Моя жизнь (Меир) - страница 12

Несмотря на то, что мы в Пинске были ужасно бедны и маме, с помощью деда, еле удавалось нас кое-как тащить, Шейна отказалась пойти работать. Возвращаться в Пинск ей было очень тяжело. В Киеве она посещала прекрасную школу; теперь ей хотелось учиться, приобретать знания, образование и не только ради того, чтобы ее собственная жизнь стала лучше и полнее, но и для того, чтобы она могла изменить и улучшить мир. В четырнадцать лет это была революционерка, серьезная и преданная участница сионистского социалистического движения - то есть в глазах полиции вдвойне опасная и подлежащая наказанию. Она и ее друзья были не только "заговорщиками", стремившимися свергнуть всемогущего царя, но они прямо объявляли, что их мечта - создать еврейское социалистическое государство в Палестине. В России начала XX века такие взгляды считались, подрывной деятельностью и за них арестовывали даже четырнадцати-пятнадцатилетних школьниц. До сих пор помню крики молодых людей - девушек и юношей, - которых избивали в полицейском участке, рядом с которым мы жили.
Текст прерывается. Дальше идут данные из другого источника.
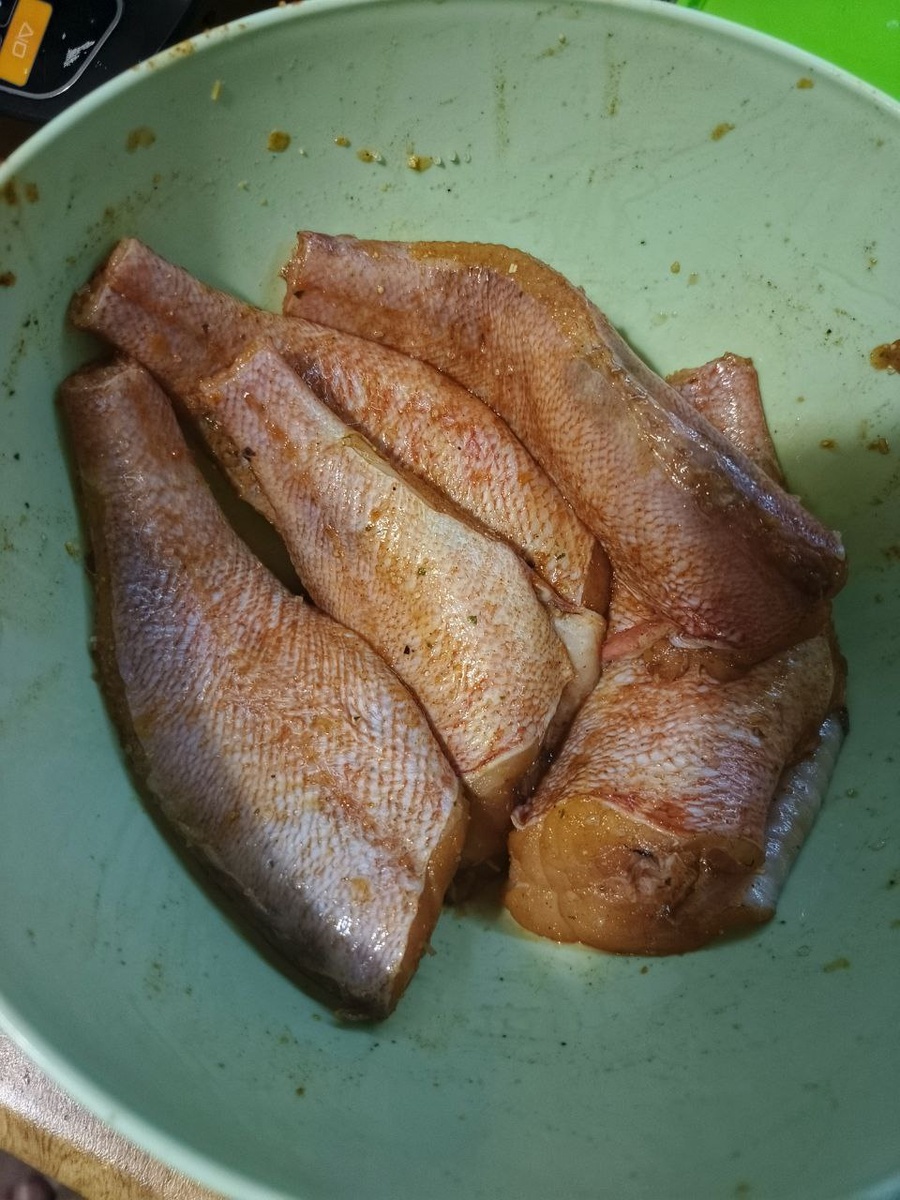 Запоздал сегодня с тестами. Решили попробовать морского окуня, первый раз в жизни его готовил.

Моя мать тоже слышала ли крики и ежедневно умоляла Шейну не иметь ничего общего с этим движением: она ведь подвергала опасности не только себя и нас, но даже отца в Америке! Но Шейна была неумолима. Мало того, что она желала перемен, она еще хотела участвовать в их осуществлении. По ночам мать не спала - ждала, когда, наконец, Шейна вернется домой с какой-то таинственной "сходки"; я лежала молча, стараясь понять все это - преданность Шейны делу, в которое она так сильно верила; материнскую отчаянную тревогу; необъяснимое - для меня - отсутствие отца - и все это на фоне топота казацких коней, то и дело раздававшегося на улице.
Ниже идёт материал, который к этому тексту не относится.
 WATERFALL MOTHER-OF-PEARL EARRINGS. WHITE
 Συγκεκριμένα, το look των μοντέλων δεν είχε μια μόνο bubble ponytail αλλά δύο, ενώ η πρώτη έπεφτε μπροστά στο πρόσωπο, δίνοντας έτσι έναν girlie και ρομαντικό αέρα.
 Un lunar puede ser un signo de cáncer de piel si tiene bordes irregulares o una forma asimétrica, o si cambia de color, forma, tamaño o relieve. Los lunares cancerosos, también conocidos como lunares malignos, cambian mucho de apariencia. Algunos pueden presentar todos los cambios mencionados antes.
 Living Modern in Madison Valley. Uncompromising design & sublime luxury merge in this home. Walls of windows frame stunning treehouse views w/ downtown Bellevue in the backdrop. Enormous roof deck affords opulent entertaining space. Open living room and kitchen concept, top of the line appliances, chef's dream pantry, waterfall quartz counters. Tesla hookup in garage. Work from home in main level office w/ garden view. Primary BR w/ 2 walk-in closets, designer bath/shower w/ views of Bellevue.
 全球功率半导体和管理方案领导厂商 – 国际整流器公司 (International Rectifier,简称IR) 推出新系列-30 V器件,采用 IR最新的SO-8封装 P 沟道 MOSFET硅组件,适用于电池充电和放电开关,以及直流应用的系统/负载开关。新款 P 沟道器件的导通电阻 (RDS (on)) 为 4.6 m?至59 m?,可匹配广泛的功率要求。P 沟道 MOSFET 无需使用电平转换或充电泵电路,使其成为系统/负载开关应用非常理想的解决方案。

По субботам, когда мама ходила в синагогу, Шейна устраивала сходки у нас дома. Даже когда мама об этом узнала и стала упрашивать Шейну не рисковать всеми нами, ей ничего не оставалось, кроме как ходить по нашей улице взад и вперед, когда она возвращалась из синагоги домой. По крайней мере, так она была на страже, и, если бы показался полицейский, могла предупредить молодых конспираторов. Но бедную маму больше всего пугало не то, что в любую минуту может налететь полиция и арестовать Шейну. Все эти месяцы ее сердце терзал страх (в те дни очень распространенный в России), что кто-нибудь из друзей Шейны окажется провокатором.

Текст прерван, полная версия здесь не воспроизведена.